Soldering Station January 2019
The most expensive part of a soldering station is a base which PWMs the sine signal from 12V or 24V transformer to regulate the temperature of the soldering tip. That got me thinking if I can make a much more affordable but a better designed base that would control quality and affordable Weller WMRP tips for micro soldering that integrate tip, thermocouple and heater in one piece and can be affordably bought for 25€.
The design would be consisting of the following parts:
220V to 12V transformer with fusing
+-8V, +- 5V linear and 3.3V switching regulator
Discrete solid-state relay
Zero-cross detection using optocouplers and comparator
Thermocouple filter and instrumentational amplifier for amplification
Physical potentiometer to set the temperature with zero latency
Temperature sensor for thermocouple connector temperature compensation
STM32F303 MCU with 12-bit ADC for thermocouple measurement
Nokia 5110 LCD display
PCB design
We had Altium Designer lessons at university which raised PCB design to another level, because Altium offers many functions and has extremely well thought out interface and has even compatibility for 3D mice such as 3Dconnexion's Space Mouse. There are some bugs that would need to be polished out but otherwise an excellent program. The schematic and final PCB can be seen on Figures 1-3.
Some care was put into proper routing of power and sensitive analog lines and isolation. Also digital/mixed-signal part was properly conditioned by placing a solid ground plane under the traces and breaking it only to connect top traces where absolutely necessary.

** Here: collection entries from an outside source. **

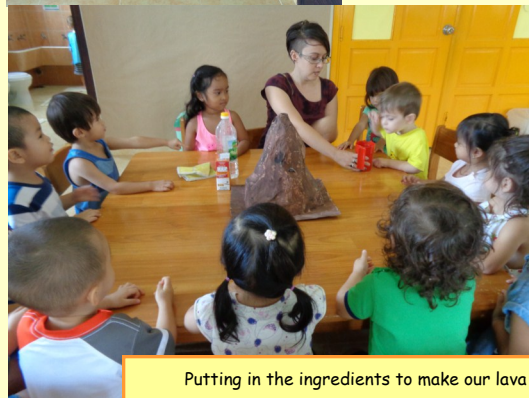
Putting in the ingredients to make our lava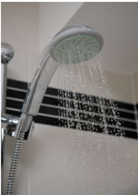
Figure 2: Flow-restricted shower

The designed and measured water use, harvesting and recycling volumes for each of the houses are compared in Table 1. The table also shows the net water use of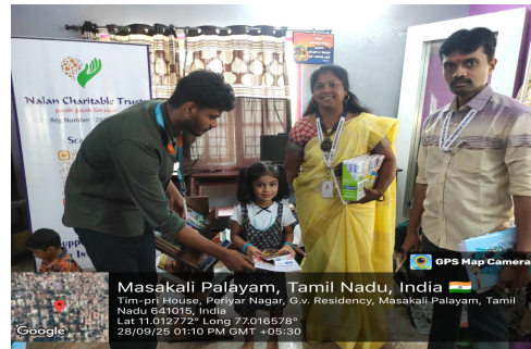
DISTRIBUTION OF BOOKS

Analog part with instrumentational amplifier was routed with symmetry in mind to limit common mode noise, because the signals of thermocouple are low and in the range on millivolts. Analog ground was also excessively filtered which turned out to be a mistake and causing oscillations on all analog signal lines, therefore analog ground was in the end connected directly to a common point of digital ground.